# Machine Learning Tutorial #8: Non-Parametric Analysis

## Overview

In the previous chapter, we used a t-test to determine whether there were significant differences in classification accuracies compared to chance. While this approach has been used by several researchers in the past (e.g., Li et al., 2009), the nature of the classification accuracies violates some of the assumptions of the t-test, which is a parametric test. For example, this test assumes that the values are normally distributed around zero; in the case of classification accuracies, however, all of the numbers are constrained to be positive. (A review of the problems of applying parametric methods to classification results can be found in Allefeld et al., 2016).

To remedy this, we can use other analyses. Here, we will review how to do non-parametric analyses with a toolbox called Statistical non-Parametric Mapping (SnPM).

SnPM can be downloaded by clicking on this link and clicking on `Registration`. You will be required to fill out a form with your email address. When you have finished filling out the form, you will be able to download the package. Unzip it, open a Terminal, navigate to the folder `~/spm12/toolbox/`, and type:

```mv ~/Downloads/SnPM-devel-SnPM13.1.08 SnPM13
```

Then open a Matlab terminal, click on the `Set Path` button, and click `Add Folder`. Select the folder `SnPM13` in the toolbox directory, click `Save`, and then close the window.

## Creating the SnPM Batch

From the Matlab terminal, open SPM by typing `spm fmri`. Click on `Batch`, then select `SPM -> Tools -> SnPM -> Specify -> Multisub: One-sample T-test on diffs/contrasts`. This will open a new editor window. Add the following modules as well: `SPM -> Tools -> SnPM -> Compute` and `SPM -> Tools -> SnPM -> Inference`.

From the Matlab terminal, navigate to the Haxby_Data directory, and create a new directory for our non-parametric results by typing `mkdir 2ndLevel_GroupResults_SnPM`. Select this as the Analysis Directory in the Batch Editor window, and for Images to Analyze, select the smoothed and warped res_minus_chance images, entering `swres` in the filter field to help with your search. Leave the number of permutations at 5000, and change the “Cluster inference” option from `None` to `Yes (slow)`. Leave the rest of the defaults the same.

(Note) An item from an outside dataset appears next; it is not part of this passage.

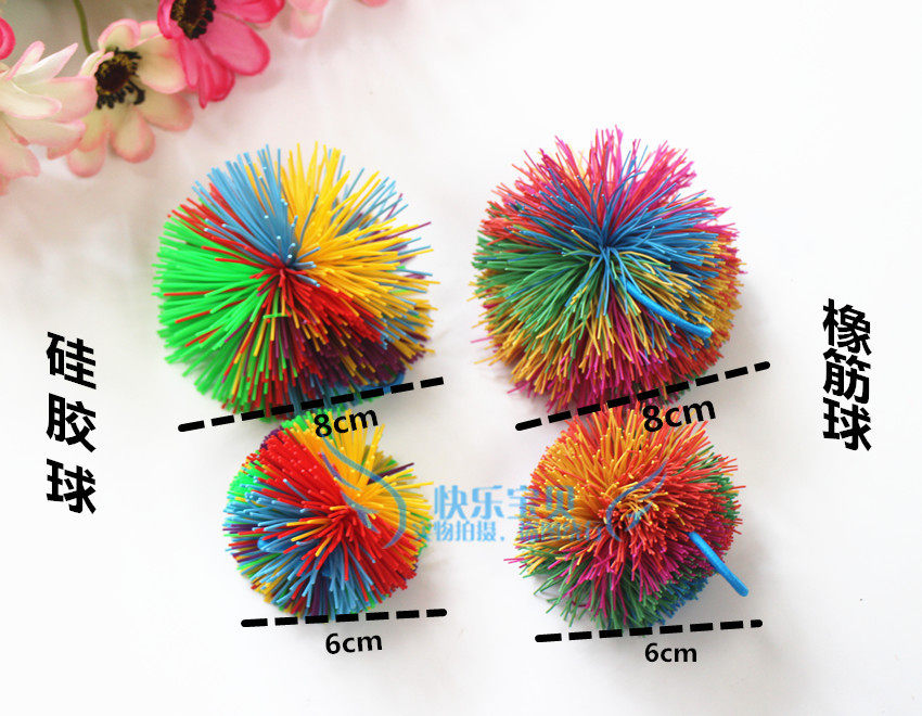 Colorful rubber ball rubber ball kindergarten fun game colorful plush rubber silk ball children kicking shuttlecock toys

Next, click on the `Compute` module, click the `Dependency` button, and select the configuration file from the MultiSub module.

Lastly, click on the `Inference` module, select `Dependency` and choose the output from the Compute module. From the `Type of Thresholding` menu, select `Cluster-Level Inference` and change the `Cluster-Forming Threshold` from NaN to 0.001. This will calculate an appropriate cluster-forming threshold with a voxel-wise threshold of 0.001; for more details, see this chapter. You can also choose to write a thresholded statistic image from the `Write thresholded/filtered statistic image?` to generate a statistical map that will only show those voxels that pass the cluster correction you specified. For now, we will set this to `Image name to write`, which will label the output image `SnPM_filtered`.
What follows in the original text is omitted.